One of the cruelest features of health anxiety is that anxiety itself produces real physical sensations. When your body’s stress response activates, you can experience headaches, nausea, shortness of breath, shakiness, stomach pain, chest tightness, dizziness, and muscle aches. These aren’t imagined. They’re the result of your nervous system preparing for danger.

The problem is that these symptoms mimic serious conditions. Chest tightness feels like a heart problem. Nausea and stomach pain feel like something gastrointestinal. Dizziness feels neurological. If you’re already primed to interpret body sensations as dangerous, anxiety-produced symptoms become almost indistinguishable from the diseases you fear. This is why people with health anxiety often feel genuinely certain something is wrong, even after medical tests come back normal. The sensations are real. The interpretation is where the distortion happens.

How It Differs From Having Real Health Concerns

This is the question at the center of most health anxiety: “But what if this time it’s real?” That question is actually part of the disorder. Legitimate health concerns tend to be proportionate, specific, and resolve with medical information. You notice a symptom, see a doctor, get an answer, and move on. Health anxiety works differently. Reassurance from a doctor provides only temporary relief, or no relief at all. The feared illness shifts over time. Normal test results don’t end the worry; they just redirect it (“maybe they missed something” or “maybe it’s a different condition”).

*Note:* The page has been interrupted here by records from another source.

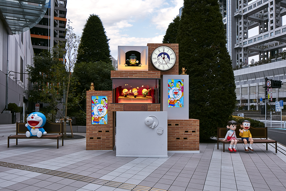 ドラえもんをモチーフにした仕掛け時計「ドラえもんタイムスクエア」。正時になると「ドラえもん」が流れ、かわいいひみつ道具たちの楽しいショーが始まります。19時からは、ムーディーなショーが楽しめます。時計の両サイドには、ドラえもんやのび太、しずかと一緒に写真が撮れるベンチもあり、フォトスポットとしてもおすすめです。
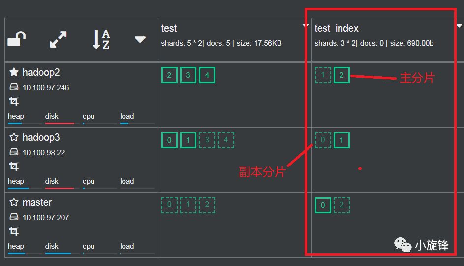 下图演示的是 3 个节点的集群中test_index的分片分布情况,创建时我们指定了3个分片和副本
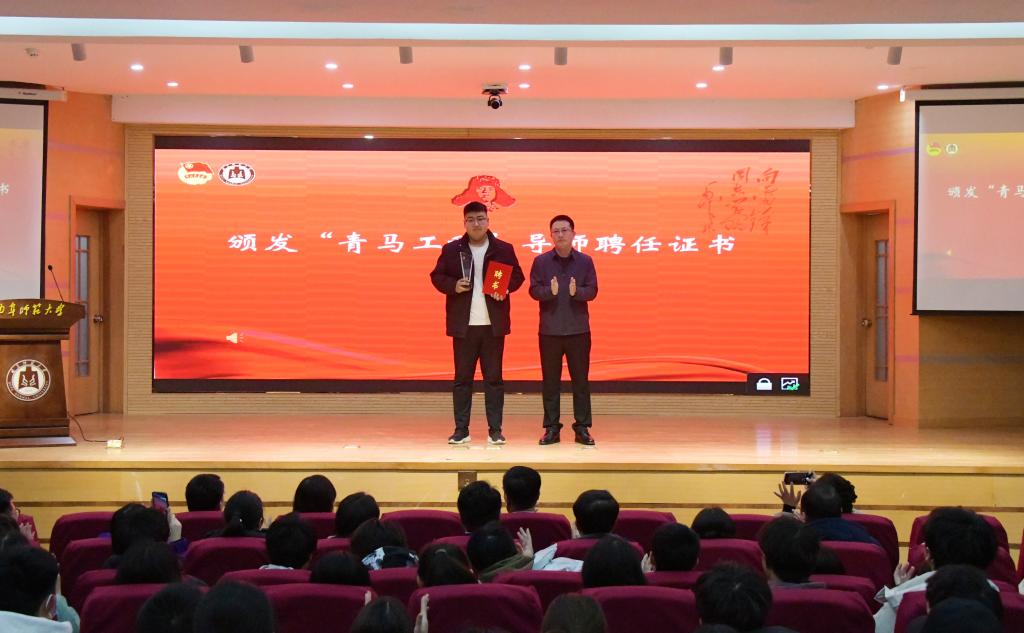 全国青年志愿服务先进个人、金乡县青年志愿者协会党支部书记韩潇应邀出席活动,孙祥广为韩潇颁发曲阜师大“青马工程”导师聘书。韩潇与师生们分享他参与志愿服务、热心公益事业的感人事迹。
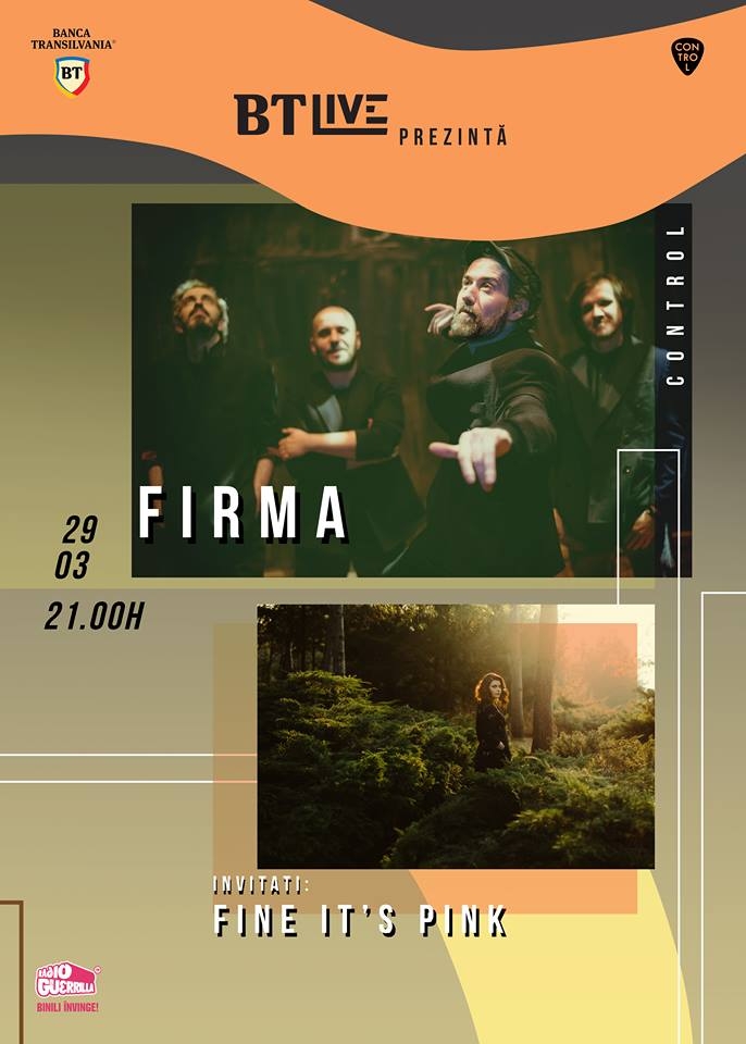 Joi 29 martie, FiRMA – una dintre trupele icon ale scenei alternative româneşti – revine la BT Live să ofere publicului din Control o experienţă live în spiritul rock`n`roll şi să predea ştafeta tinerei trupe ieşene Fine It`s Pink – un proiect artistic audio-vizual de perspectivă.
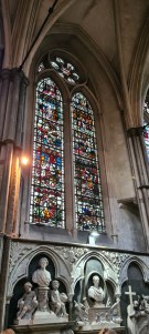 Vom London Eye sind es nur ein paar 100 Meter bis zur Westminster Abbey, der Kathedrale der Königs Krönung und auch der Beisetzung, zumindest bis 1760. Gebaut wurde das prunkvolle Gebäude ab 1245, hat der Audio Guide erzählt. Ursprünglich stand auf dem Fleck eine kleine und bescheidene Abtei, die im Jahr 960 erbaut wurde. Bescheiden ist an der heutigen Kathedrale nicht mehr so viel.

Another distinguishing feature: in health anxiety, physical symptoms are either absent or mild. The distress comes from the fear itself, not from a heavy burden of actual symptoms. This sets it apart from somatic symptom disorder, where significant physical symptoms are present and cause real impairment, though research suggests the two conditions overlap considerably and respond to the same treatment.

Gauging Your Own Severity

Clinicians often use the Short Health Anxiety Inventory, a 14-item questionnaire scored from 0 to 42. Scores below 18 are typical of people without health anxiety. Scores of 22 or above raise concern in a mental health setting. Above 28 suggests moderate health anxiety, and above 33 suggests substantial health anxiety. You won’t be able to diagnose yourself with a number, but if you recognize the patterns described in this article and they’ve been present for six months or more, that’s enough to justify pursuing help.

What Actually Helps

Cognitive behavioral therapy is the most effective treatment for health anxiety. It works by breaking the cycle at its weakest points: challenging catastrophic interpretations of body sensations, reducing safety behaviors like checking and reassurance-seeking, and gradually teaching your nervous system that the sensations it flags as dangerous are actually harmless. A meta-analysis of clinical trials found a 66% response rate and a 48% remission rate, with effects largely sustained 12 to 18 months after treatment ended.

The therapy typically involves learning to identify your specific anxiety cycle (trigger, interpretation, physical response, safety behavior), then systematically testing whether your feared outcomes actually happen when you resist the urge to check or seek reassurance. Over time, the urgency fades. The sensations don’t necessarily stop, but your reaction to them changes. You learn to notice a twinge in your chest and think “that’s probably tension” instead of “that’s probably my heart,” and, critically, to tolerate the uncertainty without needing to prove it.

Tolerating uncertainty is the core skill. Health anxiety thrives on the demand for 100% certainty that you’re okay. No amount of testing or reassurance can provide that, which is why the cycle never ends on its own. Effective treatment doesn’t make you certain you’re healthy. It makes you comfortable enough with not knowing that you can get on with your life.